Suspendu par les instances officielles pour avoir, en 1991, jeté le ballon sur un arbitre, Canto rompt le contrat qui le liait au club de Nîmes, stoppe sa carrière puis se ravise en tentant sa chance outre-Manche. Il y deviendra The King, l’une des premières superstars du football moderne.
“I love you, I don’t know why, but I love you” annonce-t-il aux supporters de Leeds après leur avoir offert un titre de Champion. Cette petite phrase, prononcée avec un accent marseillais, lance la cantomania. Des chants, dont le fameux Ooh Aah Cantona, sont écrits à sa gloire, regroupés sur un cd, CANTONA THE ALBUM. À force d’exploits, d'ailes de pigeon en reprises de volées, l’inflexible n°7 séduit le public le plus exigeant de la planète et se voit nommé à deux reprises Meilleur joueur de la League anglaise.
En 1995, un partisan de Crystal Palace l’invective du bord du terrain. Sans coup férir, Cantona l’exécute d’un mawashi-geri (coup de pied circulaire). Suspendu neuf mois et condamné à des travaux d’intérêt général, il déclare à la presse: “When the seagulls follow the trawler, it is because they think sardines will be thrown into the sea” *, se lève et tourne les talons. Le panache à la cantonnade! L’inspiration du poète! L’imprévisibilité de l’artiste! Le flegme de l’Apache, qu’il a tatoué sur le cœur.
Cantona purge alors sa peine, tourne d’impayables spots publicitaires, affirme son impatience de retrouver les Bleus et signe son retour aux affaires en marquant contre Liverpool. Pourtant, lassé par le mutisme d’Aimé Jacquet, et comprenant qu’il ne serait pas convoqué pour le Mondial 98, l’attaquant tire sa révérence en juin 1997 après avoir gagné son cinquième titre d’Angleterre. Il venait d’avoir 31 ans.
Alors qu’on célèbre aujourd’hui l’anniversaire décennal du triomphe de l’équipe de France, n’est-il pas évident que l'"épopée" aurait été plus glorieuse, moins poussive (pour ce qui concerne tous les matchs qui précédèrent la finale), plus saignante et chevaleresque si Cantona avait pu la marquer de son incroyable charisme ?
Quand les anciennes stars du football se reconvertissent sans tarder dans des rôles attendus (entraîneur, agent, commentateur), le Marseillais, lui, s'est consacré au théâtre, au cinéma et à la promotion du beach soccer, convaincu que la pureté du jeu se trouve là. Avant, qui sait, de rejoindre un jour Manchester pour coacher le club de son cœur... Cantona, ou l'histoire d'un homme libre, mystérieux, qui, dix ans après s’être retiré des “pelouses sportives” chères à Charles Trenet (“J’ai retrouvé l’odeur des pelouses sportives/ Où tombe la sueur des athlètes complets/ Clair dimanche aux couleurs de maillots vert olive/ C’est dans ton souvenir que mon cœur se complaît”, 1975), demeure, et de loin, l'idole de sa génération qui a le mieux vieilli. Sans aigreur ni nostalgie.

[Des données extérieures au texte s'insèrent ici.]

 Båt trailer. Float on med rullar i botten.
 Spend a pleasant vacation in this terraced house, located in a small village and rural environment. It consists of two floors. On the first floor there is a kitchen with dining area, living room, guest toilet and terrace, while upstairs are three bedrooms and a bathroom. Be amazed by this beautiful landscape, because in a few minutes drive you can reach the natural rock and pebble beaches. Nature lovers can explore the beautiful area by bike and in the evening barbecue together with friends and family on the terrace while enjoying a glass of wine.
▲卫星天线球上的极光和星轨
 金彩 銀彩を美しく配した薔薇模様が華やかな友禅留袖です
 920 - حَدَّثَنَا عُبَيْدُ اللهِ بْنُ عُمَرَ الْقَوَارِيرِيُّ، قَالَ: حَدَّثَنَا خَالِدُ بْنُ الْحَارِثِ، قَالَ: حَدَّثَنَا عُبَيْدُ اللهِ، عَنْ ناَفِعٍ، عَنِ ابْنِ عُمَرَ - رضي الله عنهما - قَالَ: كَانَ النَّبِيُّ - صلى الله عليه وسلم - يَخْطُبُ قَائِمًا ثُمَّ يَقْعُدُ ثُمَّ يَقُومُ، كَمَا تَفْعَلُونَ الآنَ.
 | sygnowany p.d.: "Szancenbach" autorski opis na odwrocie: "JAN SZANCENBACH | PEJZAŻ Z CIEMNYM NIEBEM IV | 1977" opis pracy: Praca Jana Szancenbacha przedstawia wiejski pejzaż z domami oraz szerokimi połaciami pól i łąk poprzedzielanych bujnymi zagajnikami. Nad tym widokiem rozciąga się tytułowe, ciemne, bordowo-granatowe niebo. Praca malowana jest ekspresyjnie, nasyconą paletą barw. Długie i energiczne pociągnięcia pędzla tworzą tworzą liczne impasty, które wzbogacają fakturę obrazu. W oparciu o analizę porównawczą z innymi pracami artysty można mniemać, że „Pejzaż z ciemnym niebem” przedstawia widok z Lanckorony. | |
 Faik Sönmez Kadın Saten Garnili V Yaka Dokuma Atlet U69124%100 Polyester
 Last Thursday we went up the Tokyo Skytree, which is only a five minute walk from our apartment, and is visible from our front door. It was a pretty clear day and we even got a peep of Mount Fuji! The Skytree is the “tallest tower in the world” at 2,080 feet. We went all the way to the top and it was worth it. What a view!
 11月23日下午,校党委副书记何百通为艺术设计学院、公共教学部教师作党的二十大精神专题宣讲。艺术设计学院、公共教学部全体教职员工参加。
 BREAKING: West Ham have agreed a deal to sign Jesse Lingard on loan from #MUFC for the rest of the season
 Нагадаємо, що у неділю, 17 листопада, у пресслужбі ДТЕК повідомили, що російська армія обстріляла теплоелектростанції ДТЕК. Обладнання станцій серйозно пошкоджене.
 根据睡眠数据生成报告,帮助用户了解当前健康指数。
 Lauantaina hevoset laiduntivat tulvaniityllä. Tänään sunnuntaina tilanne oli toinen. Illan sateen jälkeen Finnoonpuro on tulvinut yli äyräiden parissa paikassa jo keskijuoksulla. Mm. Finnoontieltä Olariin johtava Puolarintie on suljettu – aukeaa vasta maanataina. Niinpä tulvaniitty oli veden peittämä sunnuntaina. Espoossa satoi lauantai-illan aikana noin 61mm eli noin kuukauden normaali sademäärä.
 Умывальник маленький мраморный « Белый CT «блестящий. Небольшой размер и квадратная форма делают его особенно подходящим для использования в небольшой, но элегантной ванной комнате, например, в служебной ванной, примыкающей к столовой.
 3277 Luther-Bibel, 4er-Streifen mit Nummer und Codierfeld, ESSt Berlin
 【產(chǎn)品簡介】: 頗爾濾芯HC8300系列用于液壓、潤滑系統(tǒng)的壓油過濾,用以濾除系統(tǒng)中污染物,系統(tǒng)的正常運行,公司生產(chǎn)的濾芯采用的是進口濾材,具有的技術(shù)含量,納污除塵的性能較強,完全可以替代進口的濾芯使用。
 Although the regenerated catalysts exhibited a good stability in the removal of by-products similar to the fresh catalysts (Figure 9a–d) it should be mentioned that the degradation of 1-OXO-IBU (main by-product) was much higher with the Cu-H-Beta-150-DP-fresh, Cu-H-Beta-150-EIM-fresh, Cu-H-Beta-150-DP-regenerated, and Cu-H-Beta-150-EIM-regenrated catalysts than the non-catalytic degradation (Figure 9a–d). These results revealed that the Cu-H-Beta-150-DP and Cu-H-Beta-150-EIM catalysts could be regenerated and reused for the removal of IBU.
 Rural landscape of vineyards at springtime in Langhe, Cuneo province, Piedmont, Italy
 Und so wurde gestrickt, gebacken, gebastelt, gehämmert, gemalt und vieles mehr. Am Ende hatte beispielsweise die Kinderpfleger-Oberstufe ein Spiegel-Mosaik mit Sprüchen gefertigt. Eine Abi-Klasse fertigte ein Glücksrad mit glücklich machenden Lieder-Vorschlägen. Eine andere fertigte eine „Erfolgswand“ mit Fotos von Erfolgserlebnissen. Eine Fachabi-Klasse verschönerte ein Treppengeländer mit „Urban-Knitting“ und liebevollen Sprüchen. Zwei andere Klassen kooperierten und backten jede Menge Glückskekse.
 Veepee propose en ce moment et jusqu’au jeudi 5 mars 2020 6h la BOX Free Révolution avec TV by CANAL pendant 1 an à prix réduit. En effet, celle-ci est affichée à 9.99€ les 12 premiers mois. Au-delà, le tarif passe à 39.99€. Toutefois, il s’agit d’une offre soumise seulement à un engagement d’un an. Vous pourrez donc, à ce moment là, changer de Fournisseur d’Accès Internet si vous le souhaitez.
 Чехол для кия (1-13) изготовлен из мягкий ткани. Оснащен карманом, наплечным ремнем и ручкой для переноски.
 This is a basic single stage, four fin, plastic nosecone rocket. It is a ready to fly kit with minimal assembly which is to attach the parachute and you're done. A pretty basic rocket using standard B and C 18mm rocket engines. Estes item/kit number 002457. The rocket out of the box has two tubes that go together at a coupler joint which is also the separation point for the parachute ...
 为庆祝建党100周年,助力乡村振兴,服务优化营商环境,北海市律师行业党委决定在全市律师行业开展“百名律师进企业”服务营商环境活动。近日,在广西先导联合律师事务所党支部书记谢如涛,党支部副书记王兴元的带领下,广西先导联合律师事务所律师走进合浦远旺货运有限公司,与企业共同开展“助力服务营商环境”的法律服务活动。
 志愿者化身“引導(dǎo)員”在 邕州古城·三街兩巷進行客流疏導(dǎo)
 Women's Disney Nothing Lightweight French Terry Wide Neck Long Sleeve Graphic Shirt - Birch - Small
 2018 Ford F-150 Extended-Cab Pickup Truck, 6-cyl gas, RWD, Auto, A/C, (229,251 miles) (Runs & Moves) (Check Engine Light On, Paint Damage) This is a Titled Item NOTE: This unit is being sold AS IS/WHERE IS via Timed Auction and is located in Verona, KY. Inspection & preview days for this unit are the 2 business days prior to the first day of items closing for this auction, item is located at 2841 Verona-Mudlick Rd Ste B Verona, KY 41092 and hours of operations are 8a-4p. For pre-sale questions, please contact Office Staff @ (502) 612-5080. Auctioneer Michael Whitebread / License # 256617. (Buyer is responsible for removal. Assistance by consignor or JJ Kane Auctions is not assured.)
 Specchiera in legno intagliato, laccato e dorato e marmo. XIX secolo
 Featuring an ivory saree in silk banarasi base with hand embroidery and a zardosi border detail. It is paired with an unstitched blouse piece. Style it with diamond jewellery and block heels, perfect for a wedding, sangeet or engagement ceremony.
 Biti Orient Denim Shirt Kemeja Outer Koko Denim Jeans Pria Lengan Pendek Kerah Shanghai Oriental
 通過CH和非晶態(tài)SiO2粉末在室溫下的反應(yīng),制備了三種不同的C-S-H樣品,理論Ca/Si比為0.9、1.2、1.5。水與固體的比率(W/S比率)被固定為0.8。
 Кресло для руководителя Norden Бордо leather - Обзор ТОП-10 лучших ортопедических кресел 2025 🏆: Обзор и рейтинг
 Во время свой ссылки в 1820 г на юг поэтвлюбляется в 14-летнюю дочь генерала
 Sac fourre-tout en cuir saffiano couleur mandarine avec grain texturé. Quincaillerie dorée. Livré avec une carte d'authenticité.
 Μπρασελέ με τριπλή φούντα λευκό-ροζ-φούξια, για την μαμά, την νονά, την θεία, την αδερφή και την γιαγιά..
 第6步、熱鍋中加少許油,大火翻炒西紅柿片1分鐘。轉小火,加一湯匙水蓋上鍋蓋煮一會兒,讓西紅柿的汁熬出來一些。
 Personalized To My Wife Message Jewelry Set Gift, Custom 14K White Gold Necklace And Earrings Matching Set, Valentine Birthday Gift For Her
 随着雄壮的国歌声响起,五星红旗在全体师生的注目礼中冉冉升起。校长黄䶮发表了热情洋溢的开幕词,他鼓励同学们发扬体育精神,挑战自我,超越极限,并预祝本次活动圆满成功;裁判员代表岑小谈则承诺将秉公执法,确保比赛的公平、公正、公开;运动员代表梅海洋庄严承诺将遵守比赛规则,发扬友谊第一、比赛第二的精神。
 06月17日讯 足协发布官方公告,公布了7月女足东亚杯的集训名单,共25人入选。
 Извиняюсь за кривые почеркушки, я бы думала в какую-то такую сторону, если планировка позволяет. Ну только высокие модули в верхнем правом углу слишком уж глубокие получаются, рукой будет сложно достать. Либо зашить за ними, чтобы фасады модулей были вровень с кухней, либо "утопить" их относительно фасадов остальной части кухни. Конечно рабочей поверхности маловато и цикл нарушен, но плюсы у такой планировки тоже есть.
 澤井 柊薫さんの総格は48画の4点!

Le 12 juillet 2008, Baptiste Vignol
* Quand les mouettes suivent un chalutier, c'est parce qu'elles pensent que des sardines seront jetées à la mer.
Cantona dans ses œuvres
Ooh aah Cantona
When the seagulls...
Il faut dire que sa prestance d’imperator (buste dressé, menton haut, col du maillot relevé), l’autorité qu’il dégageait, sa technique balle au pied, inégalée pour un athlète de cette taille (1m88), sa vista, la précision platinienne de ses ouvertures, son efficacité face au but, ont marqué les esprits. Autant que ses coups de sang, ses déclarations fracassantes, suicidaires presque quand il traite, par exemple, en août 1988, le sélectionneur national de “sac à merde”. Une question se pose en passant: quel joueur en activité aurait ce courage aujourd’hui? Même si le courage de l’insulte n’est pas toujours une valeur sûre… Mais Éric Cantona privilégiait la réplique au ressentiment, le franc-parler à la langue de bois, l’amour du jeu à l’argent.
Suspendu par les instances officielles pour avoir, en 1991, jeté le ballon sur un arbitre, Canto rompt le contrat qui le liait au club de Nîmes, stoppe sa carrière puis se ravise en tentant sa chance outre-Manche. Il y deviendra The King, l’une des premières superstars du football moderne.
“I love you, I don’t know why, but I love you” annonce-t-il aux supporters de Leeds après leur avoir offert un titre de Champion. Cette petite phrase, prononcée avec un accent marseillais, lance la cantomania. Des chants, dont le fameux Ooh Aah Cantona, sont écrits à sa gloire, regroupés sur un cd, CANTONA THE ALBUM. À force d’exploits, d'ailes de pigeon en reprises de volées, l’inflexible n°7 séduit le public le plus exigeant de la planète et se voit nommé à deux reprises Meilleur joueur de la League anglaise.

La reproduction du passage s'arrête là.